# Notwendigkeit von Schutzleiter bei trennenden Schutzeinrichtungen



## Mecha2312 (12 März 2019)

Guten Tag liebe Forengemeinde,

ich wurde gerade auf eine Frage aufmerksam gemacht, die mir ein wenig Kopfschmerzen bereitet:

Ist es theoretisch, nach Norm (MRL, IEC 60204-1) erlaubt, ein Maschinenteil nicht in das Schutzleitersystem einzubinden, dass:

- ein berührbares leitfähiges Teil darstellt
- Antriebe und Leitungen trägt, die im Betrieb gefährliche Spannungen führen
- Sensoren und Signalleitungen trägt, die von einem SELV/PELV-Netzteil gespeist werden und keine gefährlichen Berührungsspannungen führen können
- von einer trennenden Schutzeinrichtung umgeben ist, die das berühren des Maschinenteils im Betrieb verhindert und das nicht leitend mit dem Teil verbunden ist
- mit einem Zutrittsschutz versehen ist, der im Zutrittsfall nach PL c..d..e.. die gefährlichen Spannungen sicher abschaltet


Wisst ihr, worauf ich hinaus will?
Gibt es dazu schon Threads?

Man könnte argumentieren, durch die trennende Schutzeinrichtung und Zutrittsschutz ist es nicht möglich, dass gefährliche Spannungen berührbar werden. 
Quasi wie Schutzklasse II.


----------



## oliver.tonn (12 März 2019)

Ich würde sagen nein, nur weil Du (bildlich gesprochen) den Stecker ziehst sind nicht alle Komponenten automatisch spannungsfrei. Bei FUs z.B. können die enthaltenen Kondensatoren noch eine gefährlich hohe Spannung enthalten und diese Spannung wird meine ich über den Schutzleiter abgeführt.


----------



## Tommi (12 März 2019)

Hallo,

laut EN60204-1 8.2.1 ist es notwendig, Maschinenkörper mit
dem Schutzleiter zu verbinden. Ausnahme bei Schutzklasse II
oder Schutztrennung.
Ein Sicherheitsschaltgerät der Schutztür ist nicht zum Freischalten
vorgesehen.
Wo ist denn das Problem, einen PE zu verlegen?


----------



## Plan_B (12 März 2019)

oliver.tonn schrieb:


> Bei FUs z.B. können die enthaltenen Kondensatoren noch eine gefährlich hohe Spannung enthalten und diese Spannung wird meine ich über den Schutzleiter abgeführt.
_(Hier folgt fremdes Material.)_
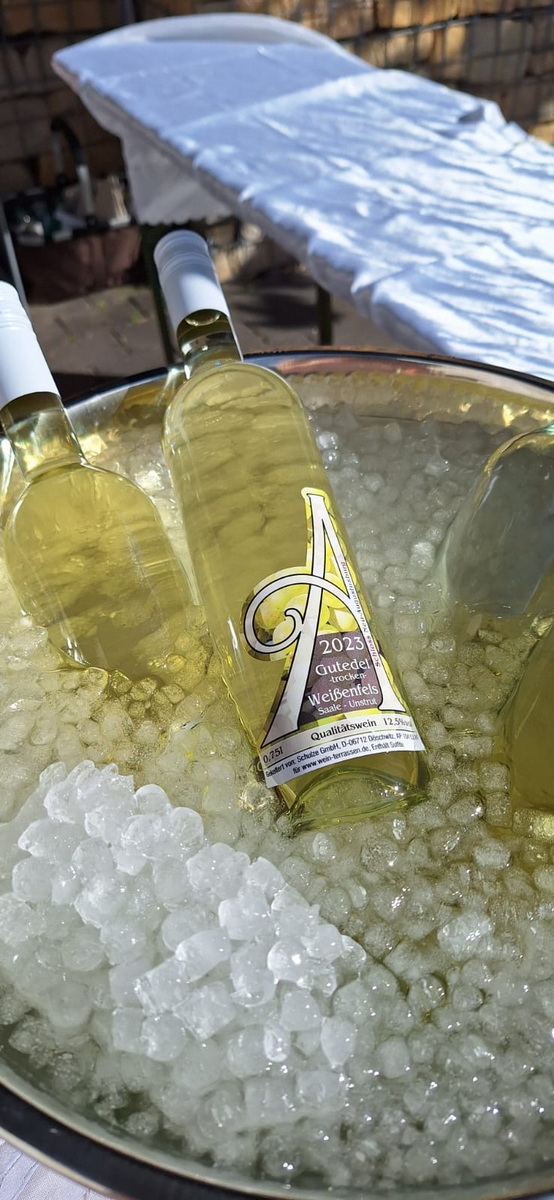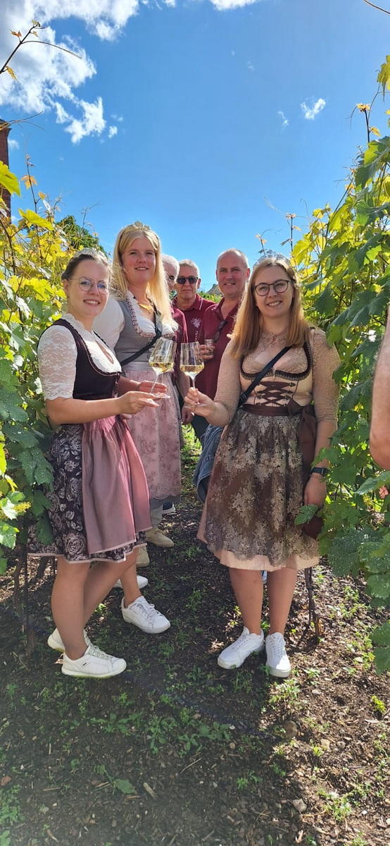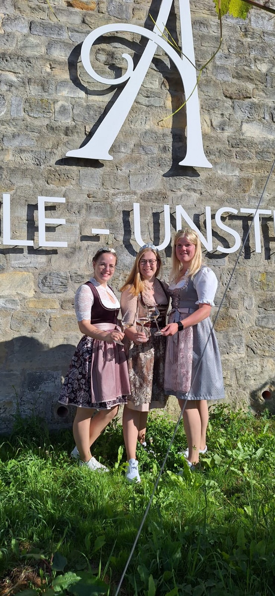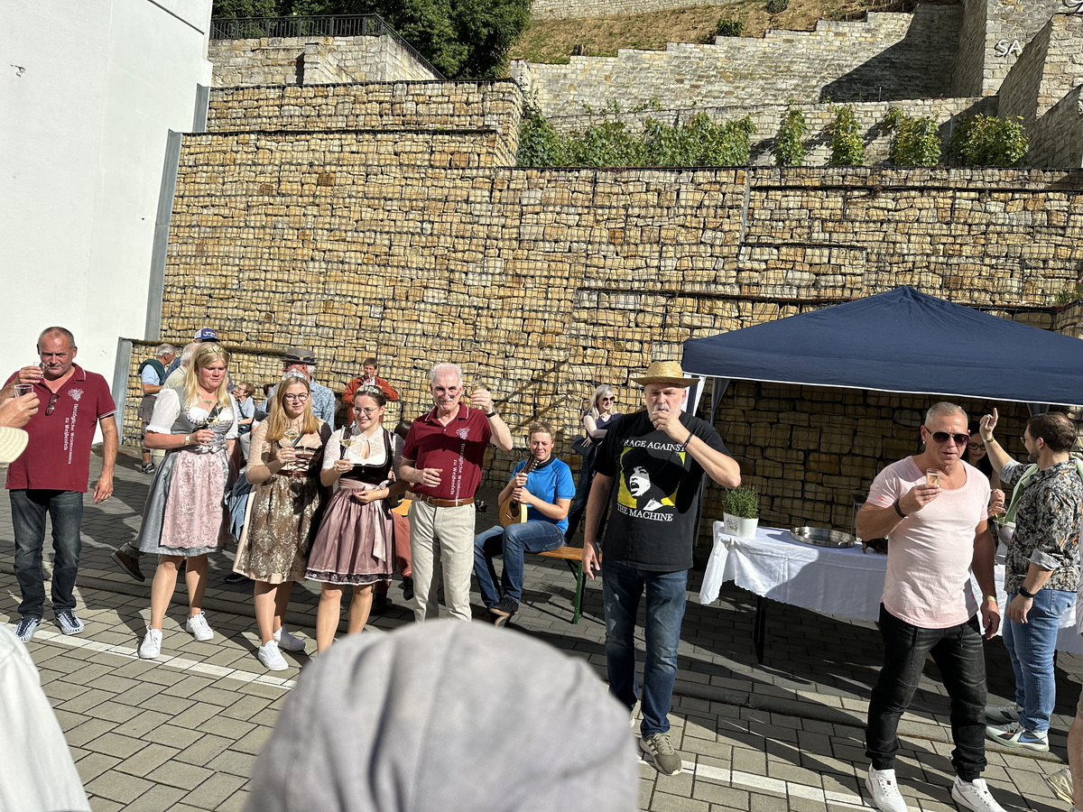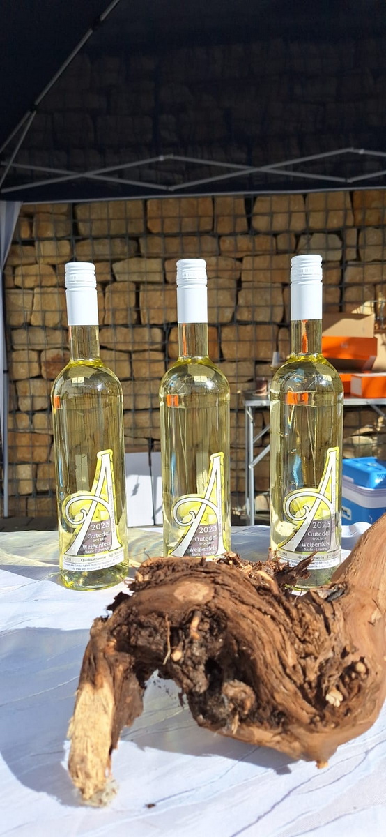 Zur Begüßung gab es einen Schluck des erst frisch abgefüllten 2023er Lagenweines von unseren Weinterrassen.
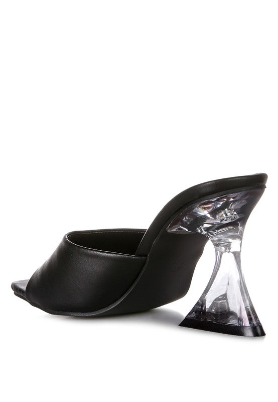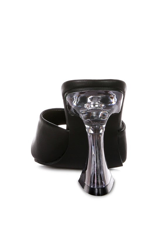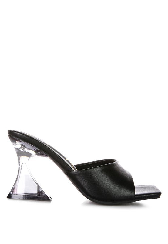 Mid-heel sandals in clear spool detail - the lightly cushioned insole cuts strain. The solid tone square cut toe casual sandals is everyday casual wear.

Wohl eher über einen Entladewiderstand parallel zum Kondensator. Bei dieser Form der Gefährdung hilft der SL IMHO wenig, weil das Potential nach dem "Stecker ziehen" in der Luft hängt. Gegen den Schutzleiter kann da nix abgeführt werden weil kein Stromkreis mehr existiert. Der SL wäre nur ein "Bein".

Ansonsten verstehe ich die Frage auch nicht. Das Metallteil kann ja nicht in der Luft hängen. Entweder es ist mit geerdeten Teilen leitend verschraubt oder es sollte im Potentialausgleich (vulgo: Schutzleiter) explizit mit eingebunden werden.


----------



## Mecha2312 (13 März 2019)

Hallo zusammen, 

danke für Eure Antworten, Einschätzungen. 
Vielleicht noch zur Erläuterung: Ich habe nicht vor, den PE wegzulassen o.ä.. Es gab eine Behauptung, und ich grüble, wieso diese falsch ist. 
Weil es mein gesunder Menschenverstand und mein technisches Verständnis für falsch halten.



Tommi schrieb:


> Hallo,
> 
> laut EN60204-1 8.2.1 ist es notwendig, Maschinenkörper mit
> dem Schutzleiter zu verbinden. Ausnahme bei Schutzklasse II
> ...



Es gibt keins. Sonst hätte ich das erläuternd erwähnt 

Du hast recht, das SSG der Tür ist nicht zum Freischalten vorgesehen, und wird auch so nicht verwendet. Das habe ich falsch formuliert.
Es gibt die überwachte Zuhaltung, diese wird über sichere Eingänge ausgewertet, sicher verarbeitet und schaltet nach gefordertem PL über Schütze die Spannung ab.


----------